=== Begin Enclosure ===
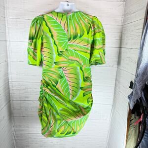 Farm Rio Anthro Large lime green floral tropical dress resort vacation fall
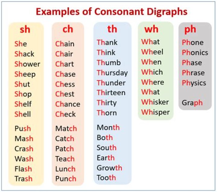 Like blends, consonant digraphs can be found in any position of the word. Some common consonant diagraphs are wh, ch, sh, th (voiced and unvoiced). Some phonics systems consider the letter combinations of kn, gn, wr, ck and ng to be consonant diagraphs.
=== End Enclosure ===
=== Begin Enclosure ===
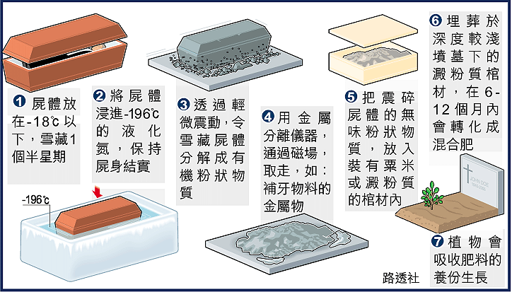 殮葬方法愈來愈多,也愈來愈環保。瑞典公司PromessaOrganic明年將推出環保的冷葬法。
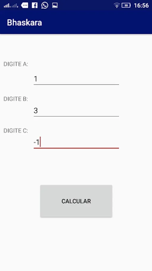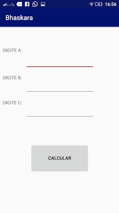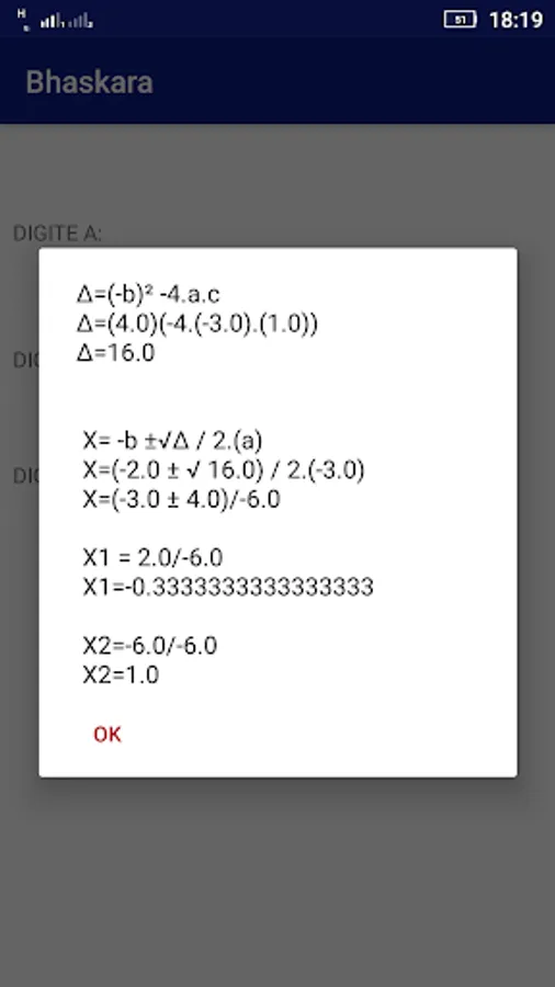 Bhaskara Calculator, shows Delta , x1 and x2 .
=== End Enclosure ===
(What you are asked to do) The lines to copy exactly start with the line above that has "殮葬方法愈來愈多,也愈來愈環" and go on through the line that has "Bhaskara Calculator, shows"; please include both, add nothing else, and omit the pictures.

(Task solution)
 殮葬方法愈來愈多,也愈來愈環保。瑞典公司PromessaOrganic明年將推出環保的冷葬法。
 Bhaskara Calculator, shows Delta , x1 and x2 .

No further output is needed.